11. On the admitted facts and in the light of the principles mentioned above, this O.P. is liable to be dismissed. As regards the allegation that there

has been violation of Rule 5 of the Rules, as stated earlier, the counsel was placing much reliance on the report of the advocate-Commissioner. The

Commissioner''s report states that there is a 15 meters away from the site and a house owned by Parambath Kunjahammed at a distance of 46.1

meters from the site. It has been stated in the counter affidavit that nobody is residing or dwelling in the It is used only for thrashing paddy. The

Advocate-Commissioner also did not notice anybody residing there and his report also does not show that he noticed any indication to infer or

conclude that it is dwelling house. The other allegations and averments in the report of the Commissioner have been denied in the counter-affidavit.

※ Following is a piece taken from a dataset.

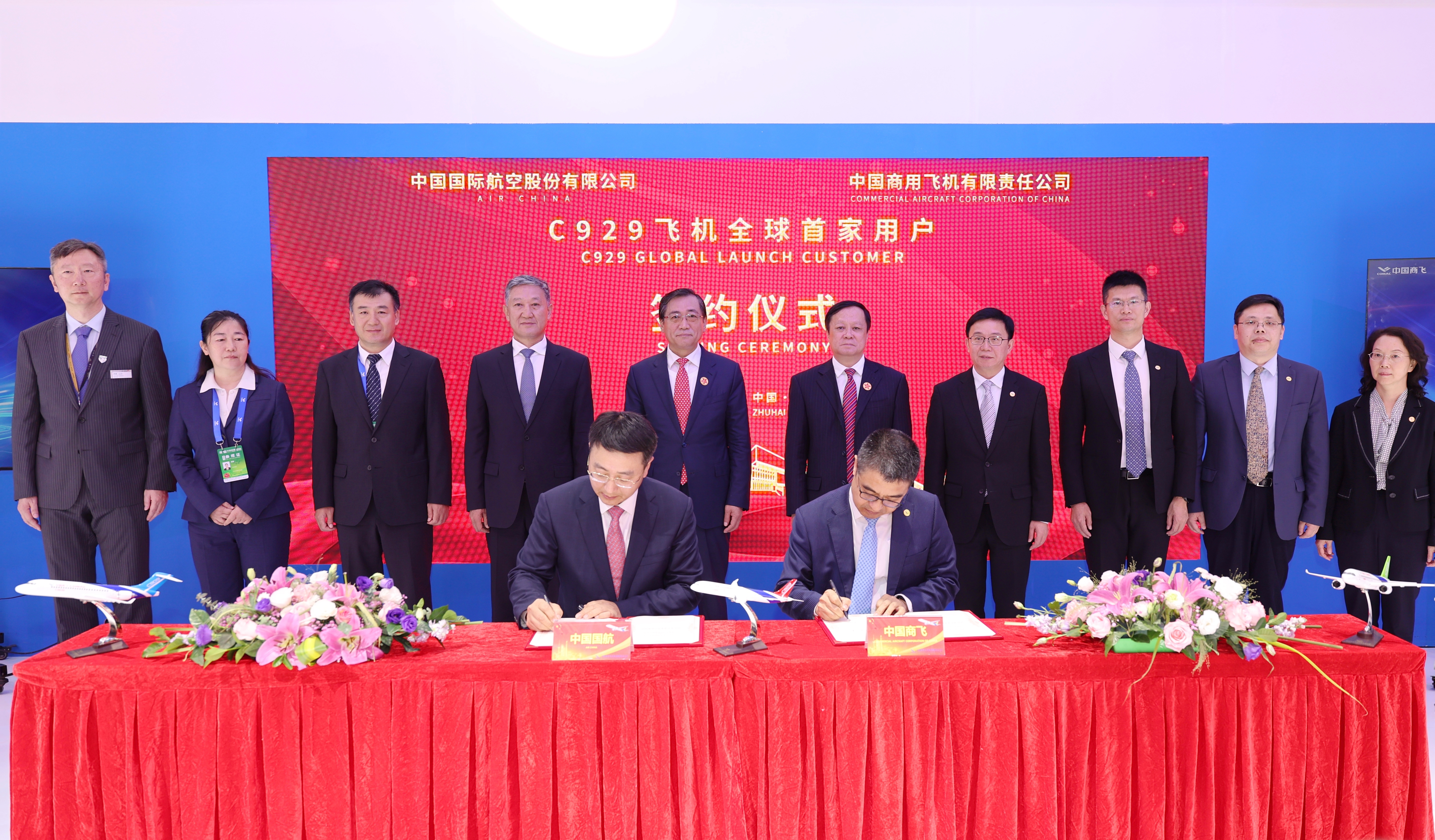 (大公文匯網記者王珏) 11月12日,在第十五屆中國國際航空航天博覽會上,中國國際航空股份有限公司(以下簡稱「國航」)與中國商用飛機有限責任公司(以下簡稱「中國商飛」)簽署C929客機首家用戶框架協議,意向成為C929寬體客機的全球首家用戶。

At the time of enquiry before Ext. P7 was granted, there was no dwelling or residential house within the prohibited distance. No reply affidavit has

been led to the counter affidavit filed by the 4th respondent. I do not think that this Court could investigate into the disputed facts and I am also of

the view that it is not proper for this Court to go into the disputed facts and find out whether the site in respect of which sanction was granted was

a fit one or not for granting such a sanction. A Division Bench of this Court in Moossa v. State (1960 KLT 630) has observed as follows:

It is obvious that proceedings under Article 226 are particularly inept to investigate questions of fact and therefore such allegations as are made by

the petitioner to support the plea of mala fide, which are denied or challenged by the Government, cannot be ascertained in these proceedings.

Therefore, whether the Government''s conclusion of the site being fit is correct or otherwise cannot be investigated under Article 226 and the

position is similar so far as the allegation of being no mosque in the locality is concerned.

It follows from the above discussion and finding that this O.P. is devoid of any merit and the same is hereby dismissed. No costs.